- STORED DATA
•••
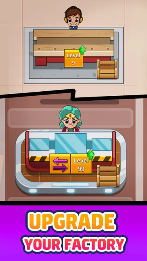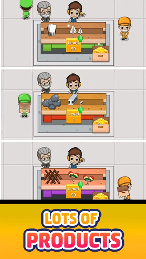 Download the game for free and build lots of workstations in your multiple factories that produce cool stuff to collect idle cash.
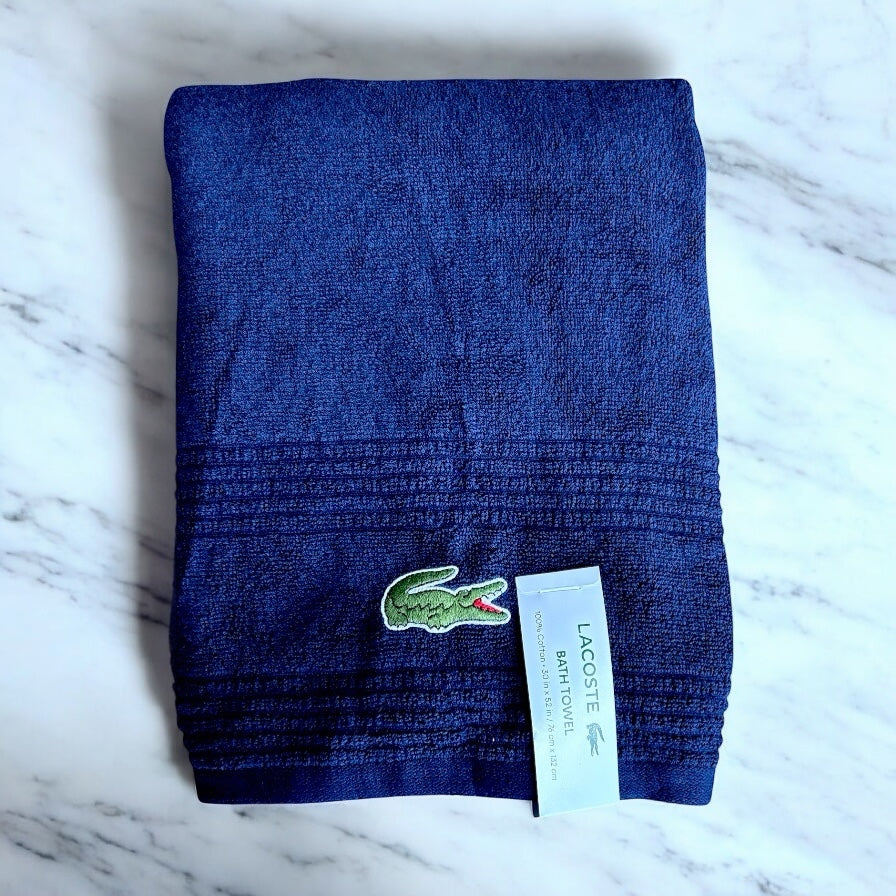 -Esta Toalla Lacoste de color azul marino es el toque elegante que necesitas para tu día en la playa o la piscina.
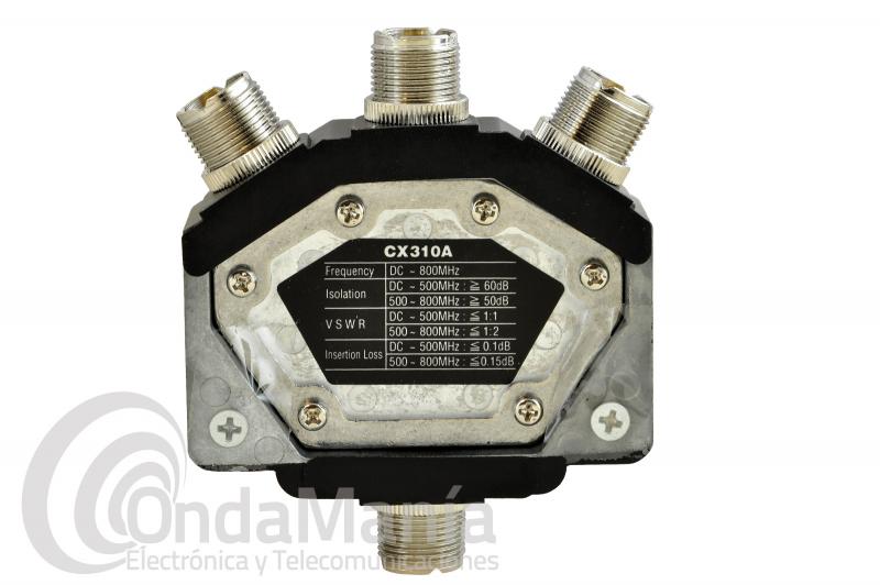 Conmutador coaxial de 3 posiciones con conectores tipo PL , es original Diamond y tiene una anchura de banda de hasta 800 Mhz y una potencia máxima de 1 KW de 30 a 150 Mhz y de 500 W de 150 a 800 Mhz.
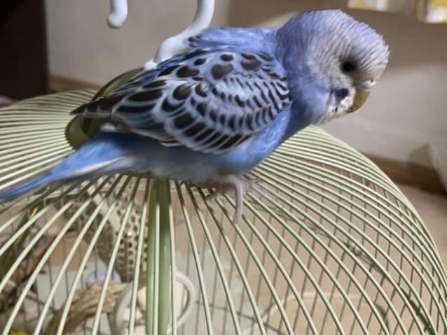 水色のメスのインコです。鼻は茶色ぽいです。
•••
- TASK TO CARRY OUT
Copy out all the data without changing anything, and drop the pictures.

- RESPONSE TO THIS TASK
 Download the game for free and build lots of workstations in your multiple factories that produce cool stuff to collect idle cash.
 -Esta Toalla Lacoste de color azul marino es el toque elegante que necesitas para tu día en la playa o la piscina.
 Conmutador coaxial de 3 posiciones con conectores tipo PL , es original Diamond y tiene una anchura de banda de hasta 800 Mhz y una potencia máxima de 1 KW de 30 a 150 Mhz y de 500 W de 150 a 800 Mhz.
 水色のメスのインコです。鼻は茶色ぽいです。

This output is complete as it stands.